Frankfurt-based Deutsche Börse on Wednesday said that it was selling International Securities Exchange Holdings, or ISE, and ISE’s holding company U.S. Exchange Holdings, to Nasdaq for $1.1 billion in cash.
The divestiture would enable Deutsche Börse to book a disposal gain in the high triple-digit millions of euros, after writing its purchase of ISE down continuously since acquiring it for $2.8 billion in 2007.
“We are pursuing the goal to become the number one or two player in every business in which we operate,” Deutsche Börse chief executive Carsten Kengeter said in a press release. “This goal requires an active management of our business portfolio. In areas where we are not able to meet this goal, we are evaluating other options.”
The deal does not include ISE’s stake in No. 2 U.S. stock exchange operator BATS Global Markets or blockchain start-up Digital Asset Holdings, which would continue to be owned by Deutsche Börse.
Equinet analysts told Reuters that the exchange operator would have additional cash to increase its LSE offer in the event of a takeover battle for the British company.

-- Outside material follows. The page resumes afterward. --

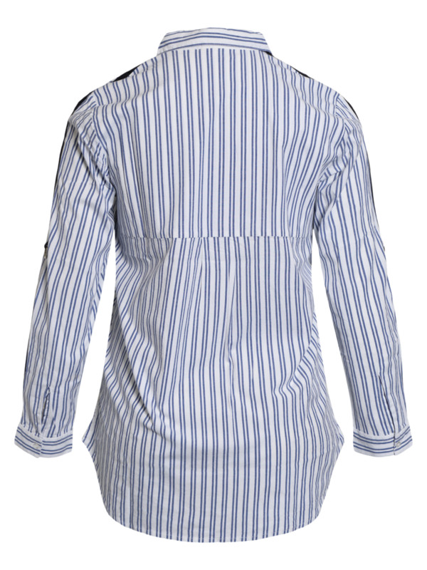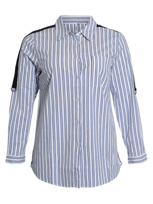 Chemise rayée à col, boutonnée sur l’avant,bande fantaisie marine sur l’épaule jusqu’au coude.

U.K.’s The Times reported Wednesday that Deutsche Börse is closing in on a deal to merge with LSE within days, unless there is a counterbid from the United States. Intercontinental Exchange said this month that it might make a rival offer for LSE, according to Reuters.
Meanwhile, Nasdaq’s CEO Bob Greifeld told Reuters that the exchange operator’s purchase of ISE would give it command of more than 40% of the market, extending its lead as the number one U.S. options exchange operator.
Nasdaq plans to move ISE’s trading platforms onto Nasdaq technology. It said it could strip out $40 million of costs from the two businesses through the transaction. The deal would also give Nasdaq an additional 20% of The Options Clearing Corp., increasing its total stake in the equity derivatives clearing organization to 40%.
Keefe, Bruyette & Woods analyst Kyle K. Voigt said in a note that the deal should drive “some nice accretion” given the cost synergies that Nasdaq should be able to extract.
“However, we wouldn’t view the multiply-listed options business as particularly attractive at the moment given very competitive industry dynamics,” Voigt wrote. “ISE’s market share has been stable, but its revenues have fallen year-over-year for at least four of the past five years.”
Voight also said his team would have viewed the purchase price as “frothy” if had been on a standalone basis. However, the price is actually “relatively in line” with the analysts’ prior sale estimate multiples, considering the cost synergies that Nasdaq could likely extract in a short period of time after the deal closes, expected in the second half of 2016.